WORKING DATA.
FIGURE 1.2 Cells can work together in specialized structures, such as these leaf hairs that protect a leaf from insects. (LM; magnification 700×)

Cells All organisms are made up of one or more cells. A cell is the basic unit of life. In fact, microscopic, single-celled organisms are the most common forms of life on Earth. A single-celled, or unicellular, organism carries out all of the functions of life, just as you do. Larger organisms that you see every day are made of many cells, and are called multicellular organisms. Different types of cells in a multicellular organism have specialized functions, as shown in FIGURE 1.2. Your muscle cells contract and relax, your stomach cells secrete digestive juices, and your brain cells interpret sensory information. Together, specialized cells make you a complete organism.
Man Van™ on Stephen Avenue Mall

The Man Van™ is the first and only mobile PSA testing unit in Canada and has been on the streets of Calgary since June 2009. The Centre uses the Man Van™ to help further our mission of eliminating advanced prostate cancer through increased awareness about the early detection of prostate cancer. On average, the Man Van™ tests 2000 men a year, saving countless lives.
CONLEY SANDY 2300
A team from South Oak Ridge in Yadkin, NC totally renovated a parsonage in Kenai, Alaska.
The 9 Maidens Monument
---
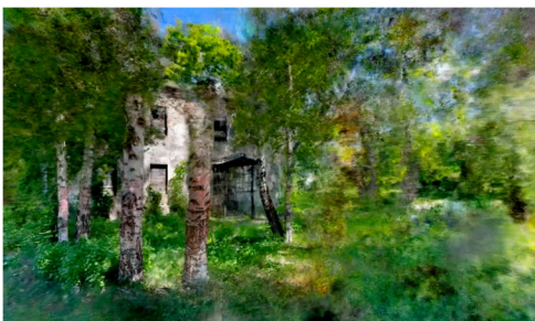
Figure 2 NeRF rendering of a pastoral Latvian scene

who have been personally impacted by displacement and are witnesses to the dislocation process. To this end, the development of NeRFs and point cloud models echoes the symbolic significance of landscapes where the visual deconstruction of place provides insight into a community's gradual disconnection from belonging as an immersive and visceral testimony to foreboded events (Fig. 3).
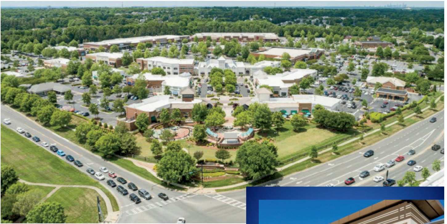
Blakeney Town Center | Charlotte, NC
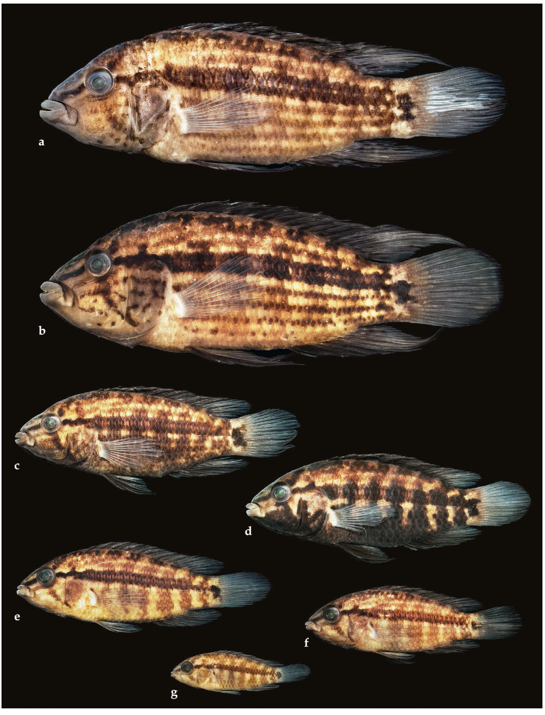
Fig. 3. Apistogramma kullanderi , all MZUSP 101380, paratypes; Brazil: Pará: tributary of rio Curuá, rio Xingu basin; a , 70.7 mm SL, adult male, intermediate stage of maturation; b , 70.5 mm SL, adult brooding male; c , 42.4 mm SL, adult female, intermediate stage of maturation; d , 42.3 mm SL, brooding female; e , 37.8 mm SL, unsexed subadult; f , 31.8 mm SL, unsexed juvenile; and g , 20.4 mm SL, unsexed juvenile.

WHAT YOU WILL DO.
Out of the entries, pull every line that mentions "Cells".

COMPLETED TASK.
FIGURE 1.2 Cells can work together in specialized structures, such as these leaf hairs that protect a leaf from insects. (LM; magnification 700×)
Cells All organisms are made up of one or more cells. A cell is the basic unit of life. In fact, microscopic, single-celled organisms are the most common forms of life on Earth. A single-celled, or unicellular, organism carries out all of the functions of life, just as you do. Larger organisms that you see every day are made of many cells, and are called multicellular organisms. Different types of cells in a multicellular organism have specialized functions, as shown in FIGURE 1.2. Your muscle cells contract and relax, your stomach cells secrete digestive juices, and your brain cells interpret sensory information. Together, specialized cells make you a complete organism.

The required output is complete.